One solution is to generate training data by applying minimum impression, click and CTR thresholds on query-ad pairs. But this can result in the filtering of most of the tail queries (since long tail queries never repeat, so all query-ad pairs for such queries will have only one impression). This can result in below par performance of semantic models for tail queries. This is not an acceptable solution since semantic models are mainly used for an advanced match in tail queries.

To address this issue, we propose that all clicked query-ad pairs should be used for training semantic models. Further, we propose different costing (weighing) techniques on click data, so that model learns from important pairs.

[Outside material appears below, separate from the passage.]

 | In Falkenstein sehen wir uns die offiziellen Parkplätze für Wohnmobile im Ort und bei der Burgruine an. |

Contributions : This paper formulates the neural semantic model training as a cost-sensitive learning problem. It propose approaches for re-weighing training data and guiding principles for the same. Online A/B testing of the weighted model on live traffic shows 11.8% gains in clicks and CTR and 8.2% improvement in terms of quality measured using bounce rate(BR) as compared to the unweighted model. Further evaluation of weighted-CLSM model on amazon co-purchased dataset shows 0.27 absolute increase in NDCG@1 and 0.25 absolute increase in NDCG@3 over the unweighted model.

2. Related Work

2.1. Traditional IR Techniques

Many IR techniques have been proposed for modeling contextual information between queries and documents (Jones et al., 2000) (Bendersky et al., 2011) (Gao et al., 2004) (Gao et al., 2010) (Lavrenko and Croft, 2001) (Lv and Zhai, 2009) (Metzler and Croft, 2005) (Metzler and Croft, 2007). Classical TF-IDF and BM25 (Jones et al. (2000)

) based techniques are based on a bag of words representation. These approaches are further extended by modeling term/n-gram dependencies using Markov Random Field (

Metzler and Croft (2005)), Latent Concept Expansion (Metzler and Croft (2007)), dependence model (Gao et al. (2004)) and phrase translation model (Gao et al. (2010)).

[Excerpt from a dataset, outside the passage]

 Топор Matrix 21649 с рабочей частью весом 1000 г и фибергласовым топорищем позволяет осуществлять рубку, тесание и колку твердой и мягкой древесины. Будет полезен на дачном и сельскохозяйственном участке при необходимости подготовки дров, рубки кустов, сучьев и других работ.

2.2. Semantic Models for IR

Classical IR techniques based on lexical matching can fail to retrieve relevant documents due to language/vocabulary mismatch between query and documents. Latent Semantic Models aim to solve this issue by mapping both query and document into a lower dimensional semantic space and then, matching the query with documents based on vector similarity in the latent space. Techniques in this area include Latent Semantic Analysis (Deerwester et al. (1990)), Probabilistic latent semantic indexing (Hofmann (1999)), Latent Dirichlet Allocation (Blei et al. (2003)), LDA based document models (Wei and Croft (2006)), Bi-Lingual Topic Model (Gao et al. (2011)) etc.

Representation based neural models: These models use a neural network to map both query and document to low dimensional latent embedding space and then perform matching in latent space. Models proposed in this category are DSSM (Huang et al. (2013)), CLSM (Shen et al. (2014)), ARC-I (Hu et al. (2014)) etc.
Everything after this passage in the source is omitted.